_Data to use_:
+++
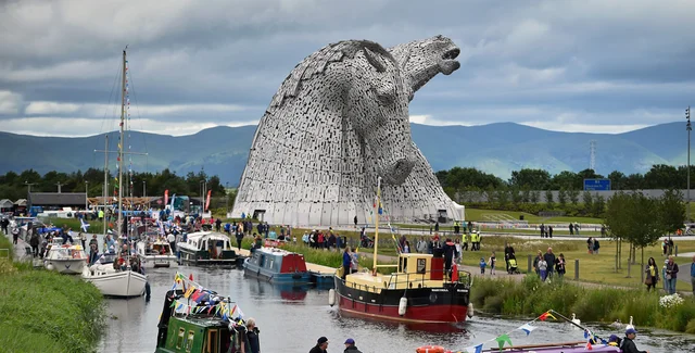 Скульптуры высотой 30 метров и весом 300 тонн установлены над каналом Форт-Клайд. Композиция получила название "Келпи" в честь водяных духов из шотландской мифологии.
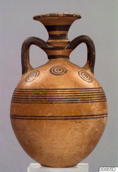 Globular jug with slightly raised base; narrow neck with handle ridge; flaring funnel-rim, and two handles from neck to shoulder. Encircling lines around rim, neck and belly; concentric circles around shoulder; black handles.
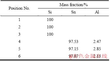 表2 图5(b)中Si-55%Sn合金定向凝固后上部剖面的EDS分析结果
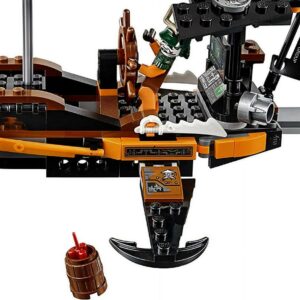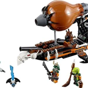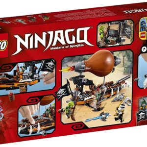 The Raid Zeppelin airship features a spring-activated pirate cannon, 2 stud shooters, anchor-shaped fold-out wings, trapdoor function to drop a barrel of dynamite (or minifigures), adjustable pirate flag and translucent fire elements,Weapons include a translucent dark-blue Djinn Blade with ‘trapped Jay’ element, Zane’s 2 golden katanas and 2 golden shurikens, Doubloon’s 2 pirate swords and Clancee’s broomstick,Includes 3 minifigures: Zane, Doubloon and Clancee,Raid Zeppelin measures over 5″ (15cm) high, 11″ (29cm) long and 6″ (16cm) wide,Zane’s flyer measures over 3″ (1cm) high, 1″ (5cm) long and 4″ (11cm) wide
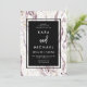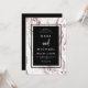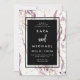 Dessa moderna, eleganta bröllopsinbjudningar har en lila och vit marmorerad bakgrund med falska guldflingor utspridda. Den mittersta ytan innehåller en stilren svart ram med din inbjudantext i trendig vit typografi.
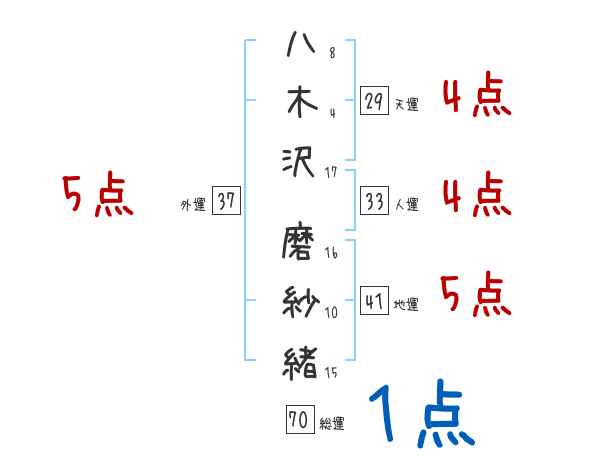 八木沢磨紗緒さんの画数の鑑定結果
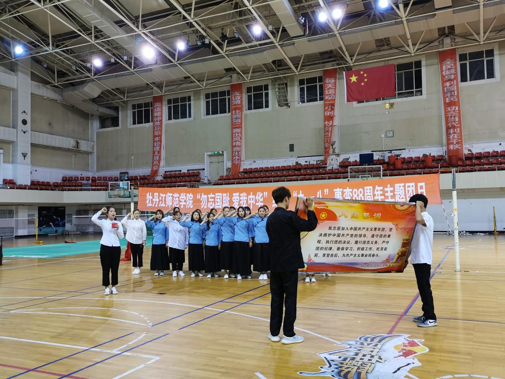 主题团日在雄壮的国歌声中拉开帷幕,体育科学学院2018级体育教育班团支部以“勿忘国耻 爱我中华”为主线贯穿整场主题团日活动,他们依次展示了体育学生的日常训练、英姿飒爽的擒敌拳表演、振聋发聩的《少年中国说》以及特色鲜明的主题演讲,活动在全体团员青年重温入团誓词中结束。
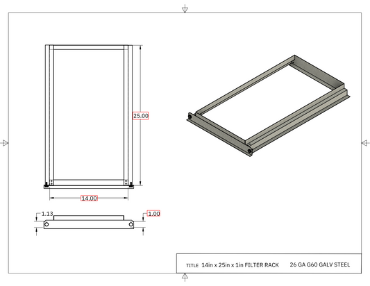 14"X25"X1" Universal Filter Rack Assembly
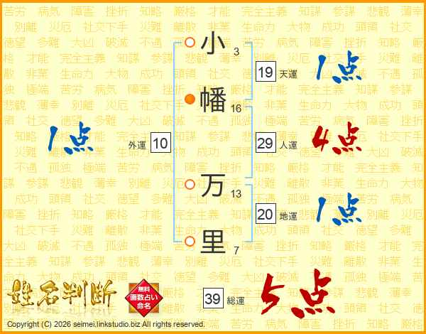 小幡万里さんの総運は39画の5点!
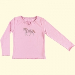 Neben den braunen Pferdefreunde Langarmshirt's ,erhältst du jetzt eines in rosa. Es ist in der Grösse 104 bis 116 und enthält einen hellgrauen Nietendruck. In unserem Onlineshop bieten wir neben Oberbekleidung noch eine Menge anderer Produkte aus der Pferdefreunde Kollektion an.
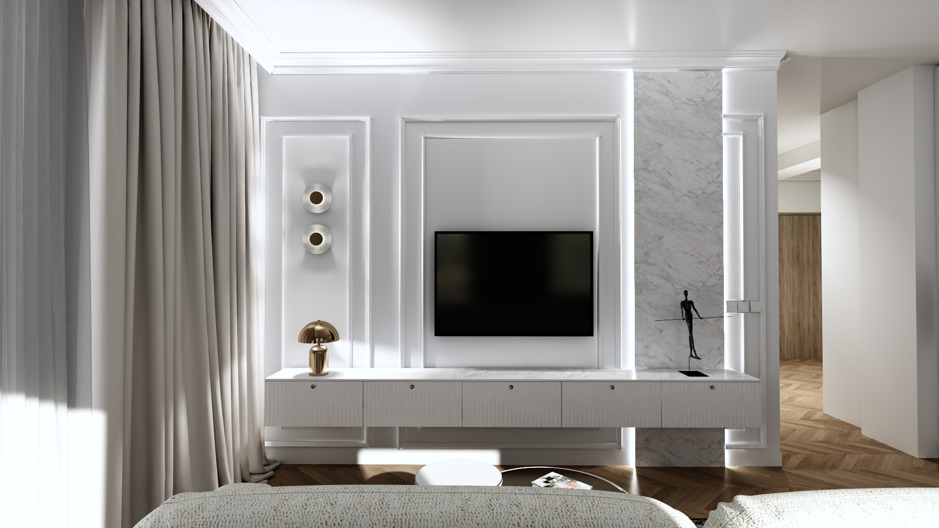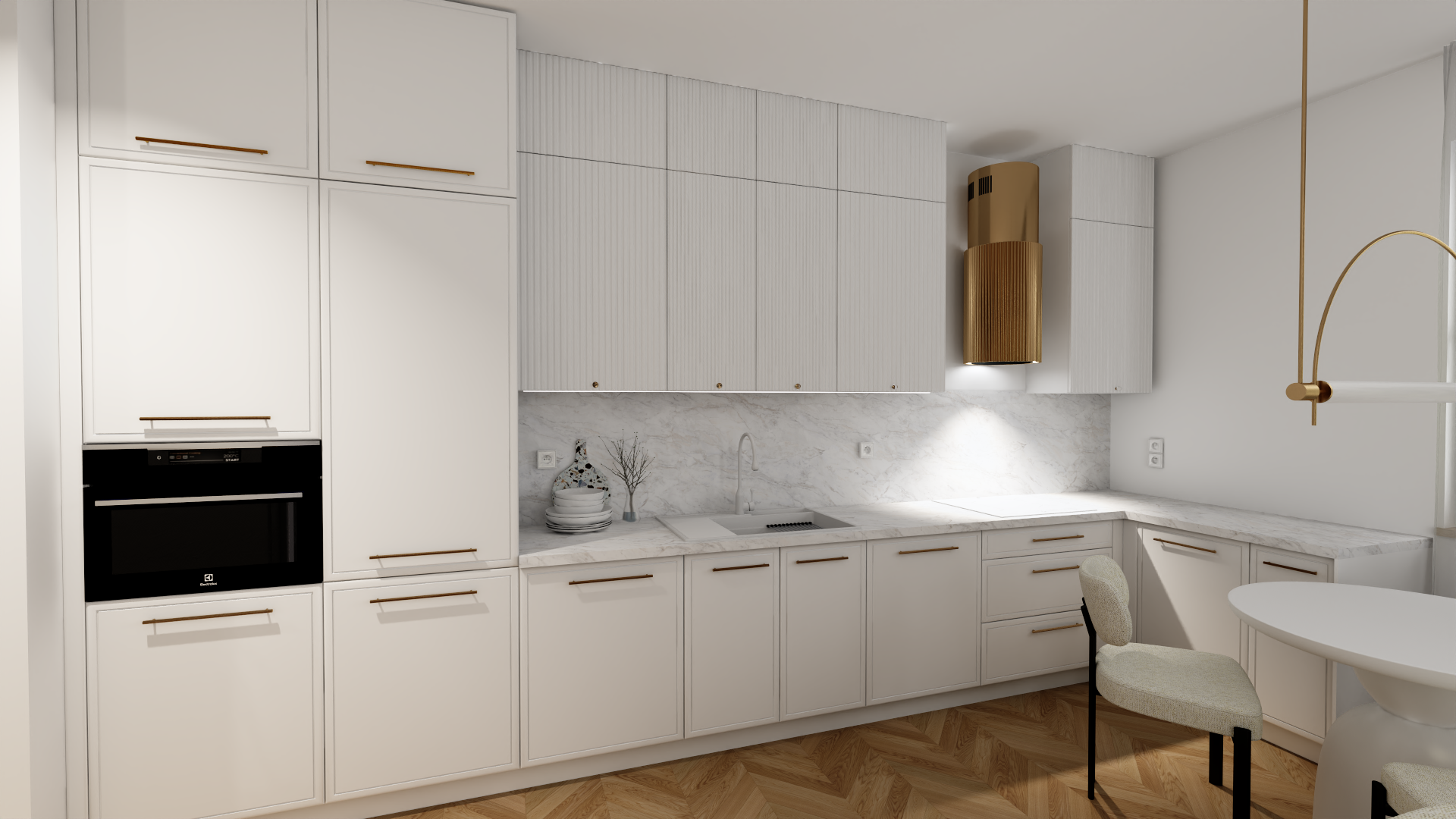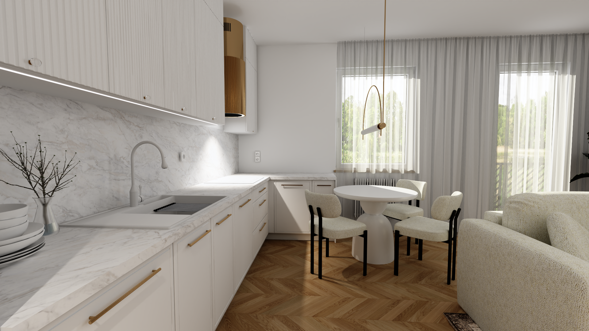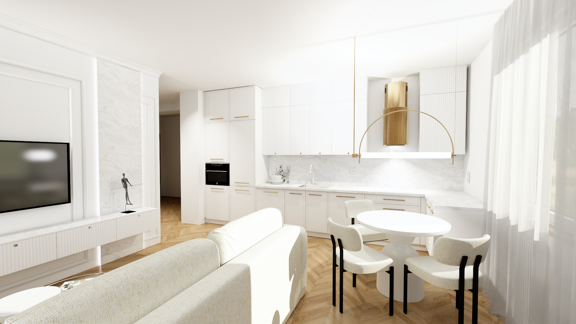 - Salon z aneksem kuchennym – przestrzeń dzienna łączy wygodną strefę wypoczynku z nowoczesną kuchnią. Wysokiej klasy zabudowa oraz przemyślane oświetlenie podkreślają minimalistyczny charakter wnętrza. Duże okna wpuszczają naturalne światło, potęgując wrażenie przestronności.
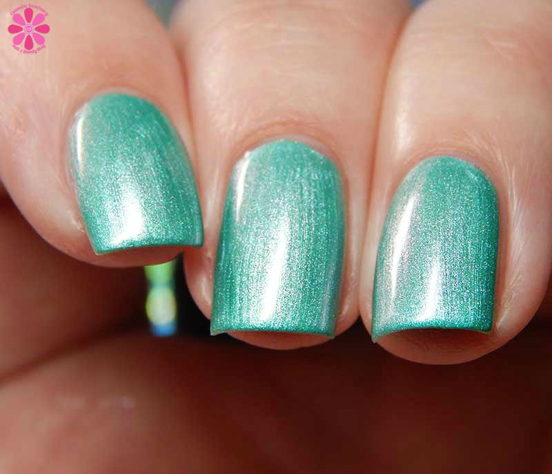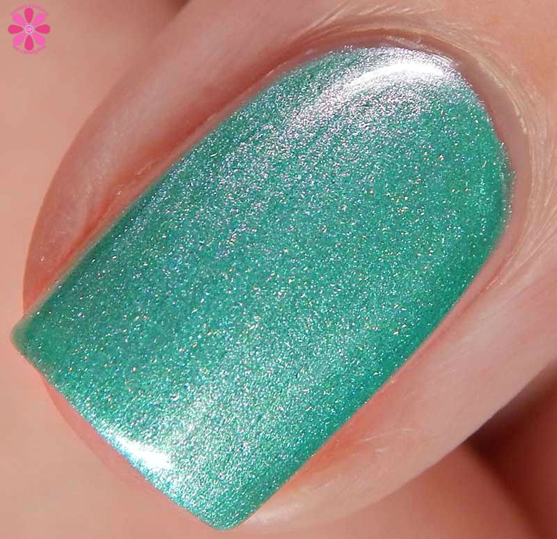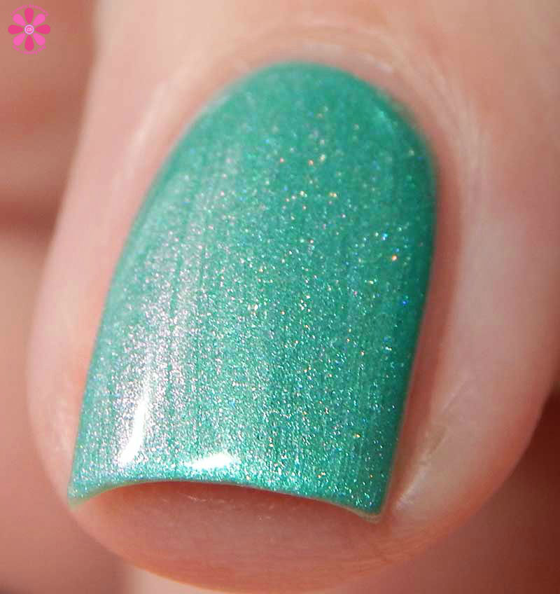 Irish I Had A Beer! is a deeper mint green creme base with soft pink to peach shimmer that was incredibly hard to capture. There is also a very subtle scattered holo effect. I used 2 coats and a glossy top coat for these photos.
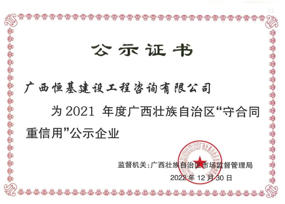 近日,廣西壯族自治區(qū)市場(chǎng)監(jiān)督管理局發(fā)布了《關(guān)于公示廣西2021年度“守合同 重信用”企業(yè)名單的通告》。恒基咨詢憑借良好的市場(chǎng)信譽(yù)和優(yōu)質(zhì)的合同履約能力,榮獲2021年度廣西“守合同重信用”企業(yè)稱號(hào)。
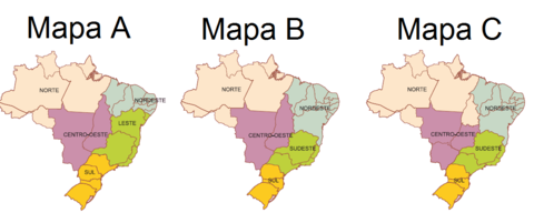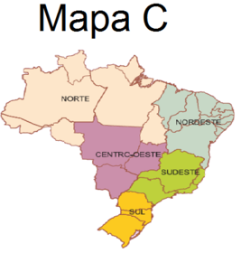 Qual o mapa abaixo apresenta a divisão oficial do Brasil ? | O Mapa C apresenta a divisão oficial de 1988, cujo critério é a divisão político-administrativa. Neste mapa contêm o Estado de Tocantins. |
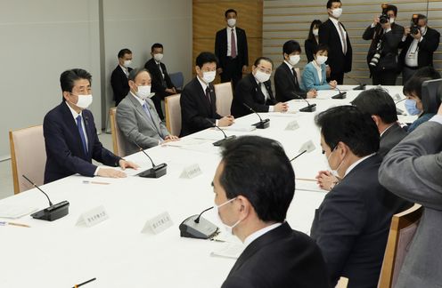 2020年4月6日,安倍总理在总理大臣官邸召开了第26次新型冠状病毒感染症对策本部会议。会议对如何应对新型冠状病毒感染症进行了讨论。
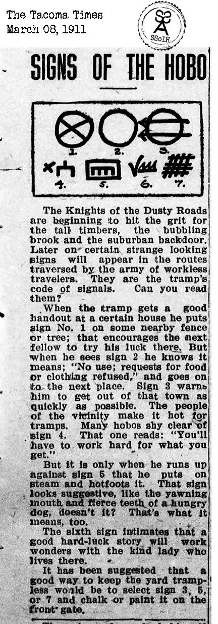 Signs of the Hobo. Get out of town, kind lady, jail, etc. Tacoma, Washington. Mar 8,1911 | Source Image |
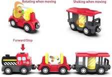 The electric train and carriage are connected magnetically. You will find endless ways to play with these motorized trains in wooden railway. AAA battery is required (not included). Carring goods or wood from one place to another, you will find the shaking carriage when it's going forward.
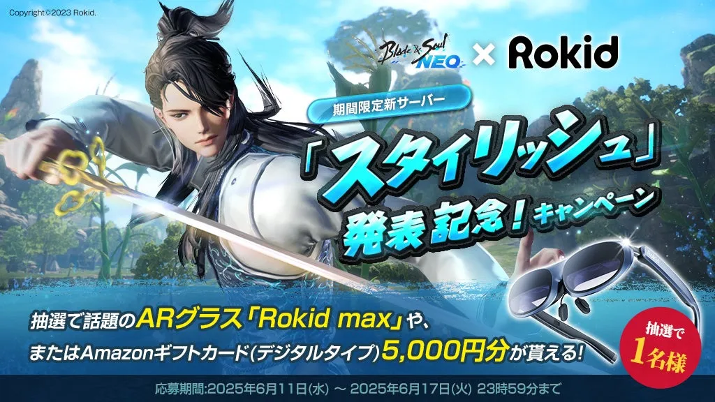 2025年6月11日から17日まで、エヌ・シー・ジャパンが手掛けるPCオンラインゲーム『ブレイドアンドソウルNEO』にて、期間限定新サーバー「スタイリッシュ」の発表を祝う特別なキャンペーンが開催されています。このキャンペーンは、ARグラスメーカーの『Rokid』とのコラボレーションにより実現しました。
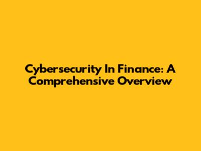 Cybersecurity In Finance: A Comprehensive Overview
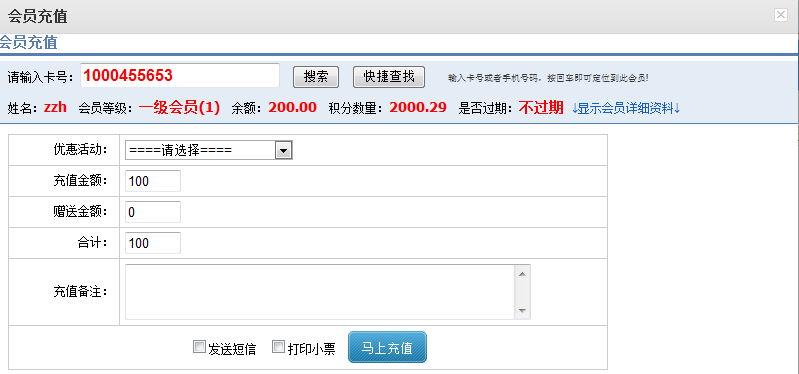 2、点击“充值”,页面调出会员充值页面,可以对会员进行充值操作,如下图:
+++
_Activity_: Wherever a picture appears in the records above, leave it out and transcribe everything else exactly.

_Reply to the exercise_:
 Скульптуры высотой 30 метров и весом 300 тонн установлены над каналом Форт-Клайд. Композиция получила название "Келпи" в честь водяных духов из шотландской мифологии.
 Globular jug with slightly raised base; narrow neck with handle ridge; flaring funnel-rim, and two handles from neck to shoulder. Encircling lines around rim, neck and belly; concentric circles around shoulder; black handles.
 表2 图5(b)中Si-55%Sn合金定向凝固后上部剖面的EDS分析结果
 The Raid Zeppelin airship features a spring-activated pirate cannon, 2 stud shooters, anchor-shaped fold-out wings, trapdoor function to drop a barrel of dynamite (or minifigures), adjustable pirate flag and translucent fire elements,Weapons include a translucent dark-blue Djinn Blade with ‘trapped Jay’ element, Zane’s 2 golden katanas and 2 golden shurikens, Doubloon’s 2 pirate swords and Clancee’s broomstick,Includes 3 minifigures: Zane, Doubloon and Clancee,Raid Zeppelin measures over 5″ (15cm) high, 11″ (29cm) long and 6″ (16cm) wide,Zane’s flyer measures over 3″ (1cm) high, 1″ (5cm) long and 4″ (11cm) wide
 Dessa moderna, eleganta bröllopsinbjudningar har en lila och vit marmorerad bakgrund med falska guldflingor utspridda. Den mittersta ytan innehåller en stilren svart ram med din inbjudantext i trendig vit typografi.
 八木沢磨紗緒さんの画数の鑑定結果
 主题团日在雄壮的国歌声中拉开帷幕,体育科学学院2018级体育教育班团支部以“勿忘国耻 爱我中华”为主线贯穿整场主题团日活动,他们依次展示了体育学生的日常训练、英姿飒爽的擒敌拳表演、振聋发聩的《少年中国说》以及特色鲜明的主题演讲,活动在全体团员青年重温入团誓词中结束。
 14"X25"X1" Universal Filter Rack Assembly
 小幡万里さんの総運は39画の5点!
 Neben den braunen Pferdefreunde Langarmshirt's ,erhältst du jetzt eines in rosa. Es ist in der Grösse 104 bis 116 und enthält einen hellgrauen Nietendruck. In unserem Onlineshop bieten wir neben Oberbekleidung noch eine Menge anderer Produkte aus der Pferdefreunde Kollektion an.
 - Salon z aneksem kuchennym – przestrzeń dzienna łączy wygodną strefę wypoczynku z nowoczesną kuchnią. Wysokiej klasy zabudowa oraz przemyślane oświetlenie podkreślają minimalistyczny charakter wnętrza. Duże okna wpuszczają naturalne światło, potęgując wrażenie przestronności.
 Irish I Had A Beer! is a deeper mint green creme base with soft pink to peach shimmer that was incredibly hard to capture. There is also a very subtle scattered holo effect. I used 2 coats and a glossy top coat for these photos.
 近日,廣西壯族自治區(qū)市場(chǎng)監(jiān)督管理局發(fā)布了《關(guān)于公示廣西2021年度“守合同 重信用”企業(yè)名單的通告》。恒基咨詢憑借良好的市場(chǎng)信譽(yù)和優(yōu)質(zhì)的合同履約能力,榮獲2021年度廣西“守合同重信用”企業(yè)稱號(hào)。
 Qual o mapa abaixo apresenta a divisão oficial do Brasil ? | O Mapa C apresenta a divisão oficial de 1988, cujo critério é a divisão político-administrativa. Neste mapa contêm o Estado de Tocantins. |
 2020年4月6日,安倍总理在总理大臣官邸召开了第26次新型冠状病毒感染症对策本部会议。会议对如何应对新型冠状病毒感染症进行了讨论。
 Signs of the Hobo. Get out of town, kind lady, jail, etc. Tacoma, Washington. Mar 8,1911 | Source Image |
 The electric train and carriage are connected magnetically. You will find endless ways to play with these motorized trains in wooden railway. AAA battery is required (not included). Carring goods or wood from one place to another, you will find the shaking carriage when it's going forward.
 2025年6月11日から17日まで、エヌ・シー・ジャパンが手掛けるPCオンラインゲーム『ブレイドアンドソウルNEO』にて、期間限定新サーバー「スタイリッシュ」の発表を祝う特別なキャンペーンが開催されています。このキャンペーンは、ARグラスメーカーの『Rokid』とのコラボレーションにより実現しました。
 Cybersecurity In Finance: A Comprehensive Overview
 2、点击“充值”,页面调出会员充值页面,可以对会员进行充值操作,如下图:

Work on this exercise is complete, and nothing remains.